An Inspector Calls wrote:If the electricity fails then my heat pump is useless (gosh, never thought of that). Well, we'll just have to fall back on our wood-burning stoves supplied from our own timber.
What's the payback on your wood burning stoves and chimney upgrade? 100 or 500 years? If your house was insulated to PassivHaus standards you could sell most of your timber to give you an income.
An Inspector Calls wrote:I agree we'll face peak oil - we may well be there already, but it's not the cliff edge that some of you seem to think.
Peak oil and Climate Change won't the the cliff edge but the economy will be. As you seem to have some sort of economic or accounting background, can you please explain to me how we can have continuous economic growth in a finite environment: finite metals, finite fuel resources, finite agricultural land and limited fresh water. Before the recession fuel, metals and food prices were rising rapidly as demand couldn't keep up with supply.
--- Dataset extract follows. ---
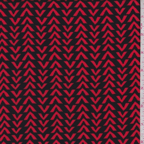 3 1/2 YD PC-Black/Cherry Broken Chevron Rayon Challis Fabric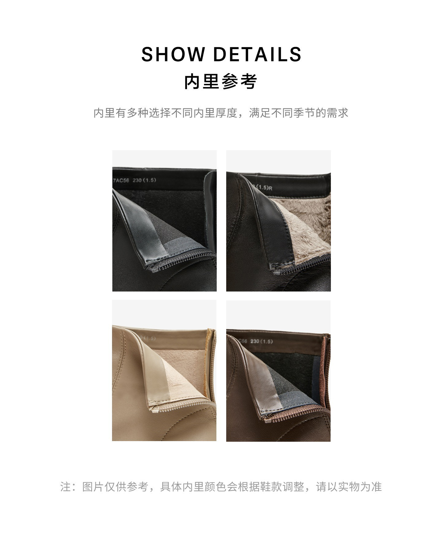 | 款式季节:冬季 | 前掌高度:1CM | 皮质特征:软面皮 | 防水台高度:无 |

Some of that was because of the amount of money that had been printed to keep the *ankers bonus culture going was diverted into commodities as the banking system was going bust. That paper money is still sloshing around the system waiting to do its worst when the banks look dodgy again. All that money going into commodities as soon as they look in short supply will cause the next recession.

Those commodities will go into short supply as soon as the developed world comes out of recession and starts buying again. If we don't come out of recession soon the growth in the Far East will do the same thing. So another major recession is due within the next seven or so years, unless Indian and Chinese growth comes to a grinding halt before then. Another major recession will bankrupt the banks again and it's doubtful that they could be rescued again.

So what price money in the bank as against on the wall? Oh! and by the way, I can do you an engineering solution to PassivHaus insulation on a solid wall.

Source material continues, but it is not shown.